Damaged!: A Walker Brothers Novel: (The Walker Brothers Book 3)
Page 17
CHAPTER 35
Dane
A FEW MONTHS AGO DURING THE HOLIDAYS…
“What in the hell do you mean that you aren’t coming!” Sebastian bellowed into the phone.
I held the device away from my ear for a few seconds before I spoke. “It’s a fairly simple concept,” I explained patiently. “I’m not getting on my jet, therefore, you won’t see me over the holidays.”

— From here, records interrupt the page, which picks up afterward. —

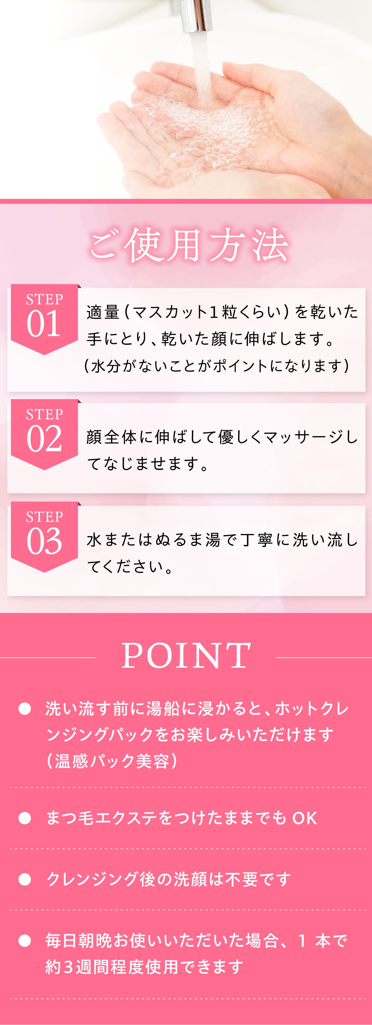 肌本来のうるおい成分を洗い流さないこと。
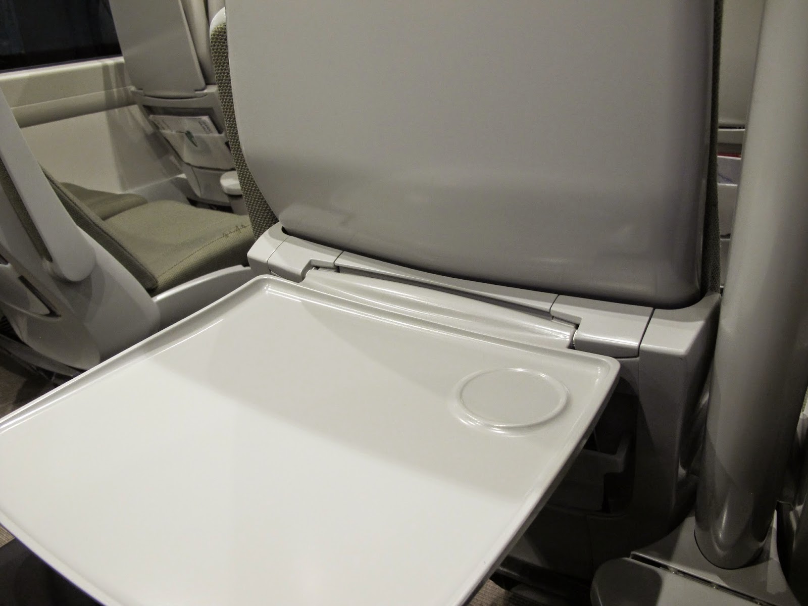 桌子是金屬做的,和西班牙高鐵一樣,非常堅實耐重,座位中間並附有充電插座。
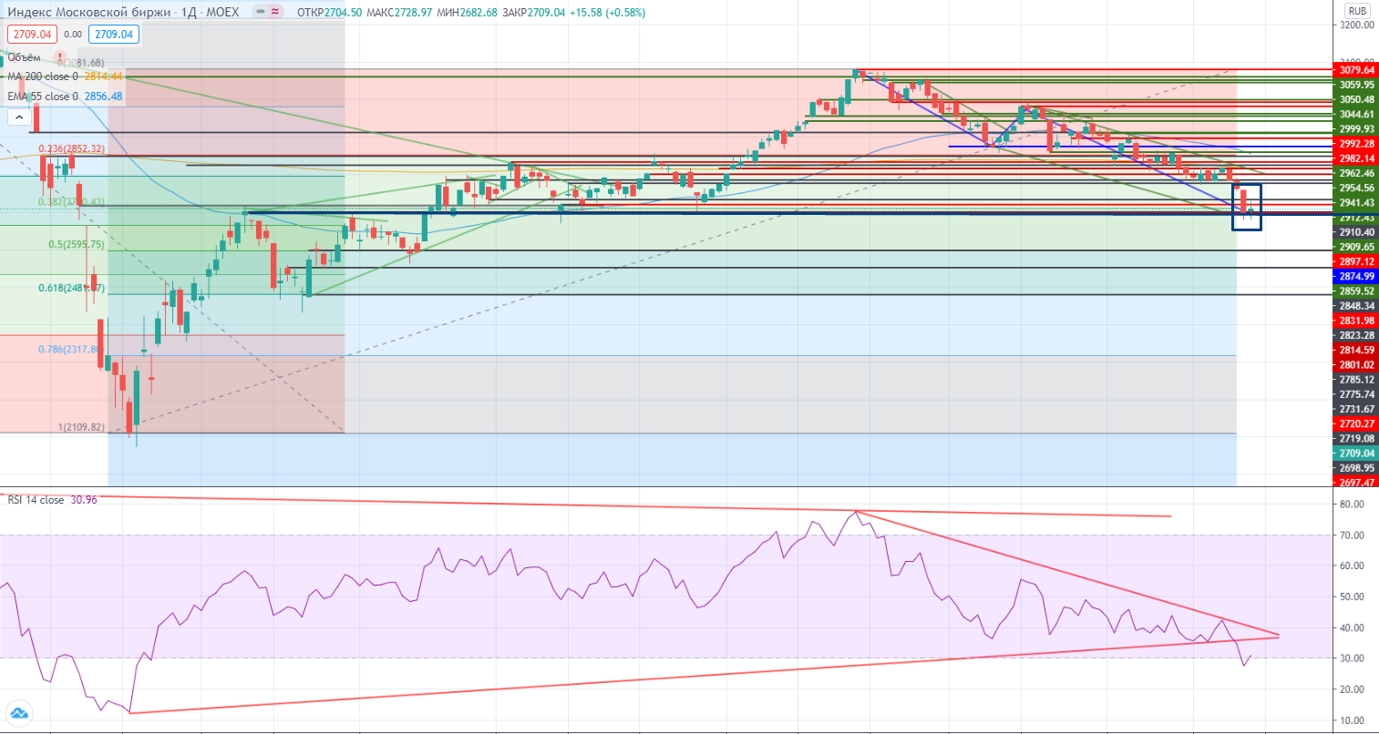 Индекс ММВБ нарисовал нечто похожее на додж на уровне, и если бы была другая ситуация возможно можно было бы принять это за попытку разворота вверх. Я начинаю уже задумываться об этом. Все плохо, даже хуже не куда, а наш рынок вдруг встал. Возможно это просто кроются медведи, они не плохо подняли за два предыдущих дня. Может ли это вызвать покупку? Я очень сомневаюсь. Ведь все складывается против покупки. Пандемия, нефть, куча новых открытых счетов физлицами… Причем еще не до конца проверенных на крепость.

I knew Sebastian had a fiancée, and the last thing I wanted to do was ruin his newfound happiness. I was going to stay on my island this year and miss the awkwardness of being with two happy couples.
I wasn’t in a good place, and my art was suffering.

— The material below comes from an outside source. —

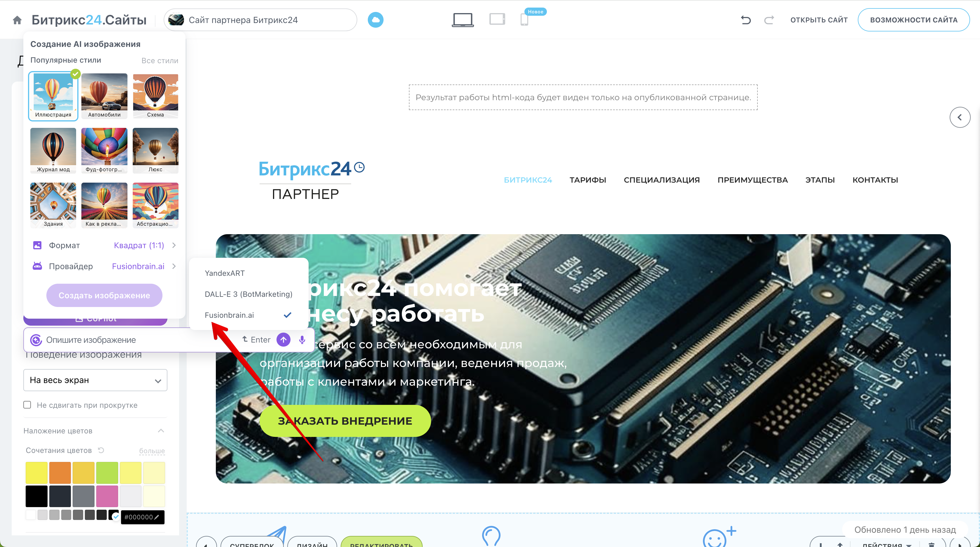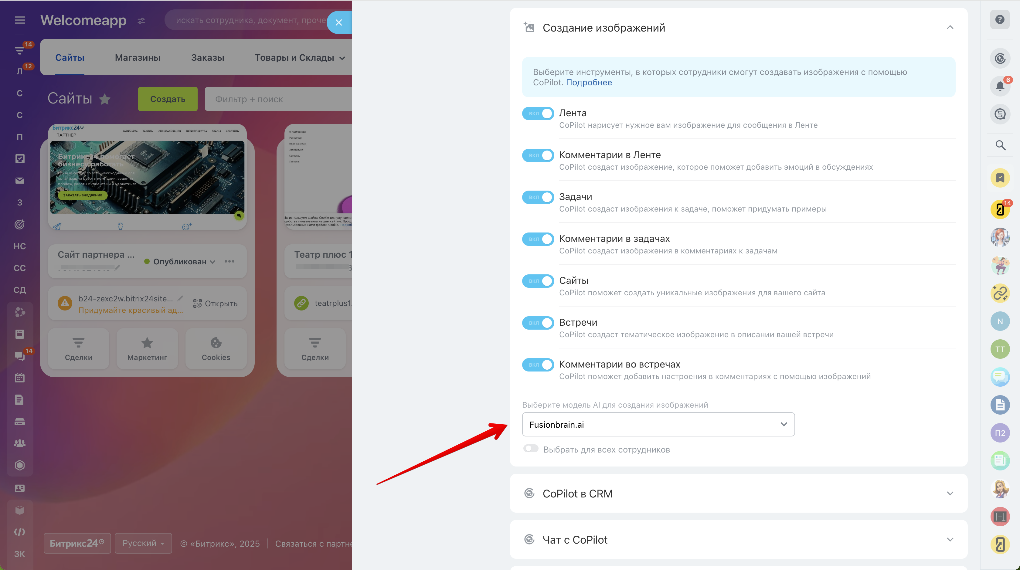 С нашим приложением вы можете легко создавать уникальные изображения прямо в нём. При установке также добавляется провайдер для генерации изображений, который нужно лишь включить в настройках Copilot вашего Битрикс24.
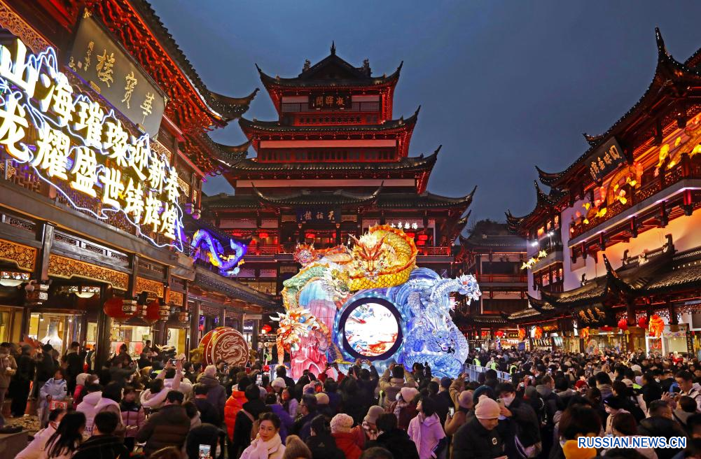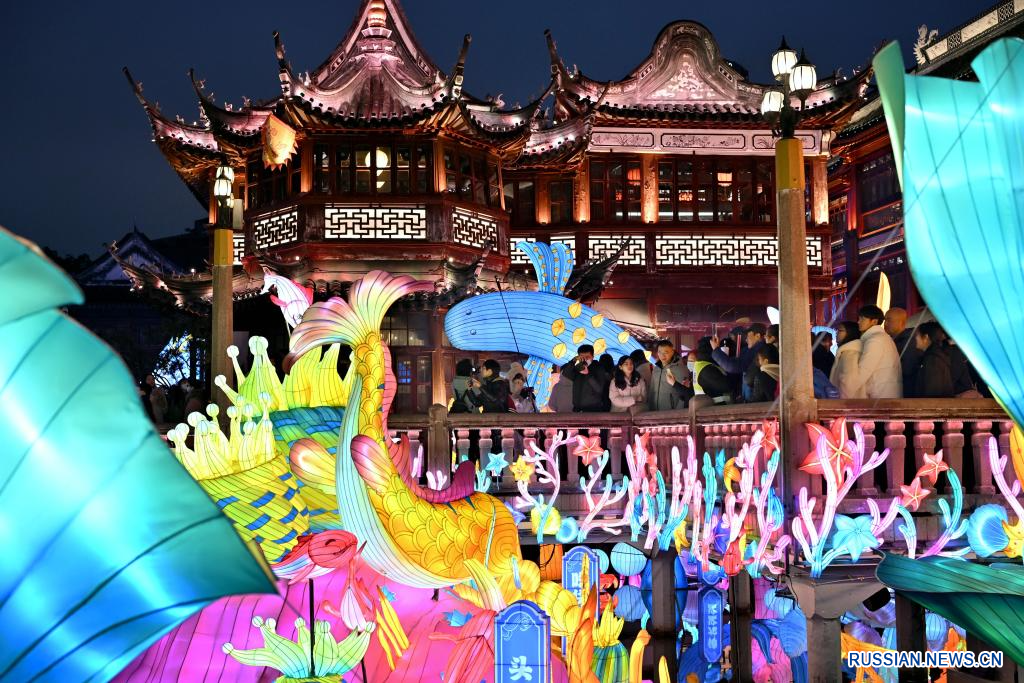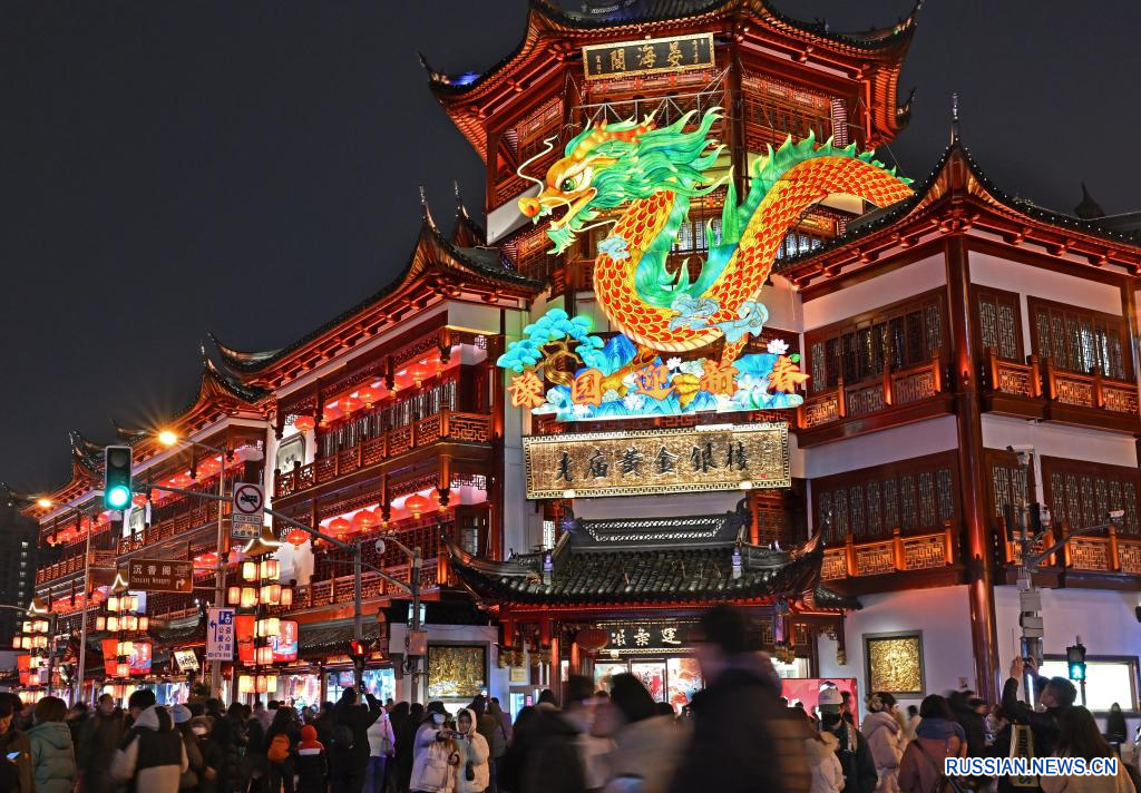 На фото от 21 января 2024 года -- в парке Юйюань в Шанхае открылся Фестиваль традиционного искусства новогодних фонарей, приуроченный к Празднику весны. (Фотографии Синьхуа/Лю Ин)

Maybe I had the holiday blues, but I knew without a doubt that I’d be the wet blanket to anybody’s holiday cheer.
“You suck, Dane,” Sebastian rumbled. “Paige really wants to meet you.”
“You plan on being married to her for a while, right?”
“Forever, dammit!”
“Then I’ll meet her when we get together again.”

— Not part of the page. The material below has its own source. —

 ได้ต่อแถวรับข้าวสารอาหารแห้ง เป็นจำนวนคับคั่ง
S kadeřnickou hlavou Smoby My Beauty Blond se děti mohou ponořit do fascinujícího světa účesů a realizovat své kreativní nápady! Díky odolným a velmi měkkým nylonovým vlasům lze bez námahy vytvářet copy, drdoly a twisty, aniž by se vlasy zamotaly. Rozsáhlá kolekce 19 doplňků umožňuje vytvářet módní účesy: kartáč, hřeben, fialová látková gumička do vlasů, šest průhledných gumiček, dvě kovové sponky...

“Do you really want to be on that island all alone at the holidays?” he questioned.
No. No, I actually didn’t, but I was getting used to being solo. It was preferable to feeling like I was ruining anybody’s holiday. I didn’t care about the holidays. I hadn’t since the year I’d lost my dad. “Yes,” I said through gritted teeth.
I hated saying no to either of my brothers, but this year, I had to.
I was fucking mopey and depressed. They’d thank me if they knew how much sadness seemed to hang around me like a thick fog.
“What can I do to make you fly home?” Sebastian queried.
“I am home. Denver has never been home to me.”
“Are you going to be okay?” Sebastian asked in a rough voice.
“Yeah. I will.” The last thing I wanted was for either of them to be worried about me.
I’m fine alone. I’ll get used to it.
I made an excuse and hung up the phone with Sebastian, knowing my holidays were definitely not going to be merry at all.
CHAPTER 36
Kenzie
THE PRESENT…
“Today was amazing,” I told Dane as he handed me a glass of white wine.
It seemed like the appropriate drink since we were sampling the hot tub that Dane had in the master bathroom of the suite. We probably could have hosted a Jacuzzi party since the tub was big enough for a large gathering. But I was glad to have him to myself, especially since we were both naked.
Letting the warm jets soothe my tension seemed so decadent. I was actually doing something to just relax and unwind.
It was something I wasn’t used to, but my body seemed to appreciate it.
Dane slid back into the spa with something that was probably a little stronger than my wine. “You liked the turtles?” he asked.
We’d seen so many varieties of fish that I had them confused, but I’d never forget the wonder of one of those giant turtles flying by in front of my face.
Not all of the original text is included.